EXERCISE:
Copy out all the lines of the data that hold the word "зеленый".

LISTED ENTRIES:
<<<<

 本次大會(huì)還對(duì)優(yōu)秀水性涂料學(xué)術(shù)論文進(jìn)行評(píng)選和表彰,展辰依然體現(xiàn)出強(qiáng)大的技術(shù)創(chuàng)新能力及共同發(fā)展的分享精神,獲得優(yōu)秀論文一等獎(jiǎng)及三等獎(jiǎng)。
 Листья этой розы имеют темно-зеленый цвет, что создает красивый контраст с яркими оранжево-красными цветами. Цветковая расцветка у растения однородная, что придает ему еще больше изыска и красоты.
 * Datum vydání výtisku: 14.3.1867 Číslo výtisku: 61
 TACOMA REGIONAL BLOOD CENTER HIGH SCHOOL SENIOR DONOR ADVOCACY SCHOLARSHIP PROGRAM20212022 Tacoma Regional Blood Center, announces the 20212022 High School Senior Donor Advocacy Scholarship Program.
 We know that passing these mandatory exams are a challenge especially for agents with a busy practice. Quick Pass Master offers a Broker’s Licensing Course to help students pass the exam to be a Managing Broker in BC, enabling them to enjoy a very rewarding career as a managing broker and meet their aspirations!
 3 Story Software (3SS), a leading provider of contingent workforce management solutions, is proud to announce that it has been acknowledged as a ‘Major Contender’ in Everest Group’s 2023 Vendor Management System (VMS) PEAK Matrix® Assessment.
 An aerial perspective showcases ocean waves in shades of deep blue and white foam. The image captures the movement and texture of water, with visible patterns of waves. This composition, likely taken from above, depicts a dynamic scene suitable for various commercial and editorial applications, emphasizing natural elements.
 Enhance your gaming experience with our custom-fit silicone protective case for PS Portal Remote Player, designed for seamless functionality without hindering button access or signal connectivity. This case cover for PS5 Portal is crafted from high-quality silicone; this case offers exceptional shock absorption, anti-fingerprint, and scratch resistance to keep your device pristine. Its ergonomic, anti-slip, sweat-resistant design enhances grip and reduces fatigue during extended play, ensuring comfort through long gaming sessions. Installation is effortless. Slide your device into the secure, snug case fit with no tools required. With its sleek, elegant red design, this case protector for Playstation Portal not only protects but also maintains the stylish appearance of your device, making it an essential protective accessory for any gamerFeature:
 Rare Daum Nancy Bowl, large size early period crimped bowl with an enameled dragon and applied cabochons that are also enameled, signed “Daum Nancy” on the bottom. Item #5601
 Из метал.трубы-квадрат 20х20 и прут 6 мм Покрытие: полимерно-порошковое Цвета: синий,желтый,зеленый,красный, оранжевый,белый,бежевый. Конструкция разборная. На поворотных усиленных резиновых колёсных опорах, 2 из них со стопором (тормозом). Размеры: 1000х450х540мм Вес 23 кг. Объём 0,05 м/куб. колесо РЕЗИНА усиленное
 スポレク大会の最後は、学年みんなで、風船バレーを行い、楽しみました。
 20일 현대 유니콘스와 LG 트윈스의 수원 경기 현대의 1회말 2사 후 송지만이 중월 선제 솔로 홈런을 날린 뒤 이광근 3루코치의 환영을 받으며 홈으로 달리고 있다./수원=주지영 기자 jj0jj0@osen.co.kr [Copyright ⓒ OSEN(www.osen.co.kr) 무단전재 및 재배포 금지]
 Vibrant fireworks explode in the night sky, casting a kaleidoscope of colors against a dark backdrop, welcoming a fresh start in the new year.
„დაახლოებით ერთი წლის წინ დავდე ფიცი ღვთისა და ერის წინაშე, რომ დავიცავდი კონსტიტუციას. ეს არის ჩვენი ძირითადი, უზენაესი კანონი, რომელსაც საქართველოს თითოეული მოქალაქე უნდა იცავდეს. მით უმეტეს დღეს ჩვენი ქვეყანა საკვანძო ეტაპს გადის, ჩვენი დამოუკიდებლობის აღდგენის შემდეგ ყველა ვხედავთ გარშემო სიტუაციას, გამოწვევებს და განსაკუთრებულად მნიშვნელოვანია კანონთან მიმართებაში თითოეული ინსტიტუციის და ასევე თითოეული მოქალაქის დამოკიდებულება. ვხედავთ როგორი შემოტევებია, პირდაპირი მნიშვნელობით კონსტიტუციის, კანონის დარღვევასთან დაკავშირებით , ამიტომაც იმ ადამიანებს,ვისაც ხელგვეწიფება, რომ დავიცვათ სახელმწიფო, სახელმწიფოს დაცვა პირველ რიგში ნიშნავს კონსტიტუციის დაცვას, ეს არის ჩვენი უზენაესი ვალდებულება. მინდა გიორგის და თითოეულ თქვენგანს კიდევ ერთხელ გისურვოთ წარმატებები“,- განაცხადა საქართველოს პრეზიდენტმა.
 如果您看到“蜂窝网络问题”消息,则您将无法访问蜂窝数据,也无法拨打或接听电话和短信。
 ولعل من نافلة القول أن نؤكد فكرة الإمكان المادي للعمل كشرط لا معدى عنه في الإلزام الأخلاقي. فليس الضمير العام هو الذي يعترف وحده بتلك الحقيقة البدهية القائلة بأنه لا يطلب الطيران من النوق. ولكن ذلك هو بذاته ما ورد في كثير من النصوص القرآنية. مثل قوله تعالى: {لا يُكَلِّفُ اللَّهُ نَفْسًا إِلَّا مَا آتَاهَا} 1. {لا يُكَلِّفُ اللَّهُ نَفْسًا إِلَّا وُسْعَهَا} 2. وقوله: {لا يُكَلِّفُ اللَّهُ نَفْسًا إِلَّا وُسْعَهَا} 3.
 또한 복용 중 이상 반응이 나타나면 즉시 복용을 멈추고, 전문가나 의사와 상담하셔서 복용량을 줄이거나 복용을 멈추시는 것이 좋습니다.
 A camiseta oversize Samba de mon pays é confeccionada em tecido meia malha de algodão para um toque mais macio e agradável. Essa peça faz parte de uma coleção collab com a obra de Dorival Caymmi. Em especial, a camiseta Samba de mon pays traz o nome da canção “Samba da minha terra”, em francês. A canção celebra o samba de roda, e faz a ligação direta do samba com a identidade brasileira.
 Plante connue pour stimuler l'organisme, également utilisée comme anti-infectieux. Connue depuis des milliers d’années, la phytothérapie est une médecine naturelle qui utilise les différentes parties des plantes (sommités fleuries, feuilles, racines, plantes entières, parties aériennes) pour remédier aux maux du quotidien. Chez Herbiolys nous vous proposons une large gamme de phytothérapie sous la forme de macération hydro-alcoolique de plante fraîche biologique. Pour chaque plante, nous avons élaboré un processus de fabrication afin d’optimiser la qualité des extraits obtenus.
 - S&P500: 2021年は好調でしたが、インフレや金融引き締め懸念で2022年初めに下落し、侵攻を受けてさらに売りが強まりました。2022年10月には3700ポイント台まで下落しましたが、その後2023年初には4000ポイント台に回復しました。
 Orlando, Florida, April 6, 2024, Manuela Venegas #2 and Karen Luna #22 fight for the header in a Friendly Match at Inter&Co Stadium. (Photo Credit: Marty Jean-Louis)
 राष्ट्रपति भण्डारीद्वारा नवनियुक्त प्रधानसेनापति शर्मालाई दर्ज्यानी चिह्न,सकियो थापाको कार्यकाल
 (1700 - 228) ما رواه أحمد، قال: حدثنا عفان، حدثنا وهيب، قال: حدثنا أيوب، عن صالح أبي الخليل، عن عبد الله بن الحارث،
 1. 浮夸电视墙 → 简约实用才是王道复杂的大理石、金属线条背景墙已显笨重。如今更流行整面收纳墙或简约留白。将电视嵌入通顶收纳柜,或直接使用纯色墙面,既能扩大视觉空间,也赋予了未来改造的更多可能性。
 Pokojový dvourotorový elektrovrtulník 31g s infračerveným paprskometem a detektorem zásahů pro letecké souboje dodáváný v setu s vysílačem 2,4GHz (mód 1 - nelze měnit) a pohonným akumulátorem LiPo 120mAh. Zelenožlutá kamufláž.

>>>>

OUTPUT OF THE TASK:
 Листья этой розы имеют темно-зеленый цвет, что создает красивый контраст с яркими оранжево-красными цветами. Цветковая расцветка у растения однородная, что придает ему еще больше изыска и красоты.
 Из метал.трубы-квадрат 20х20 и прут 6 мм Покрытие: полимерно-порошковое Цвета: синий,желтый,зеленый,красный, оранжевый,белый,бежевый. Конструкция разборная. На поворотных усиленных резиновых колёсных опорах, 2 из них со стопором (тормозом). Размеры: 1000х450х540мм Вес 23 кг. Объём 0,05 м/куб. колесо РЕЗИНА усиленное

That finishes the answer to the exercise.